Ann Arbor Veterans Affairs to hire more mental health staff for Michigan services
As a part of a nationwide strategy to bolster mental health services for veterans, the Veterans Affairs Ann Arbor Healthcare System will be hiring 21 clinicians over the next six months.
Across the country, the Department of Veterans Affairs recently announced it would be adding about 1,600 mental health clinicians and about 300 support staff positions.

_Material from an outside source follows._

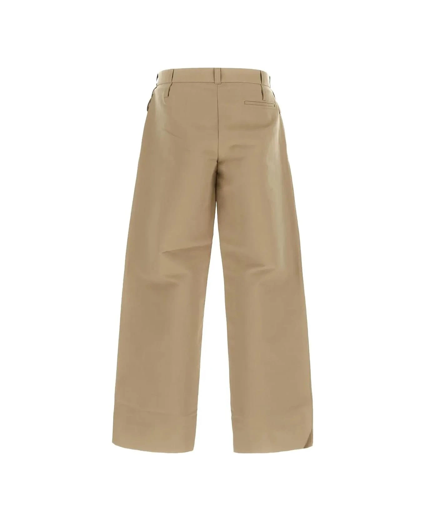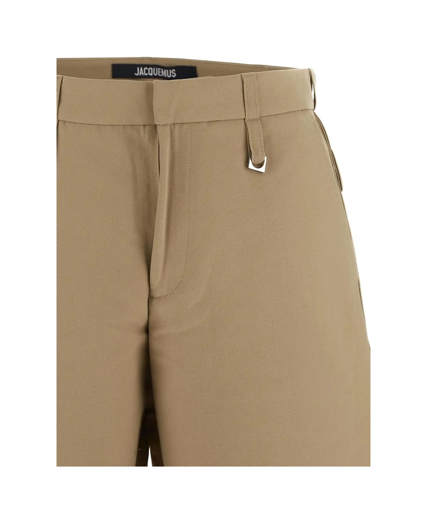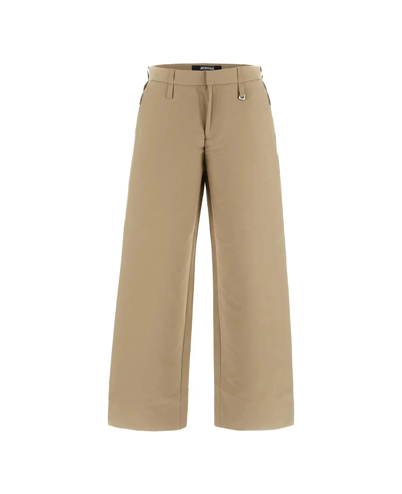 Jacquemus tailored pants in beige soft beige cotton and polyamide with mid-rise, loose fit, hidden zip and button closure, double belt loops, silver-finish metal D-ring on the front belt loop, slanted pockets, two front pockets, a back pocket and contrast stitching.

Melanie Maxwell I AnnArbor.com
Since 2009, the VA has increased its budget for mental health by 39 percent, partially in response to the 35 percent increase in the number of veterans receiving mental health services since 2007.
The additional funding and staff, both in Michigan and in the U.S., will allow for better individualized care and further development of Post-Traumatic Stress Disorder treatments.
The VA Ann Arbor Healthcare System serves the Lower Peninsula of Michigan and employs 151 mental health clinicians.
The national directive to hire additional staff will result in a net increase in nine positions in the healthcare system, as retirements and turnover occurs this year, McDivitt said.
Additions to the staff include seven social work case managers and two psychologists.
The hirings will allow the system to better manage its complex, high-intensity outpatient programs, substance use disorder clinic and PTSD clinic, McDivitt said.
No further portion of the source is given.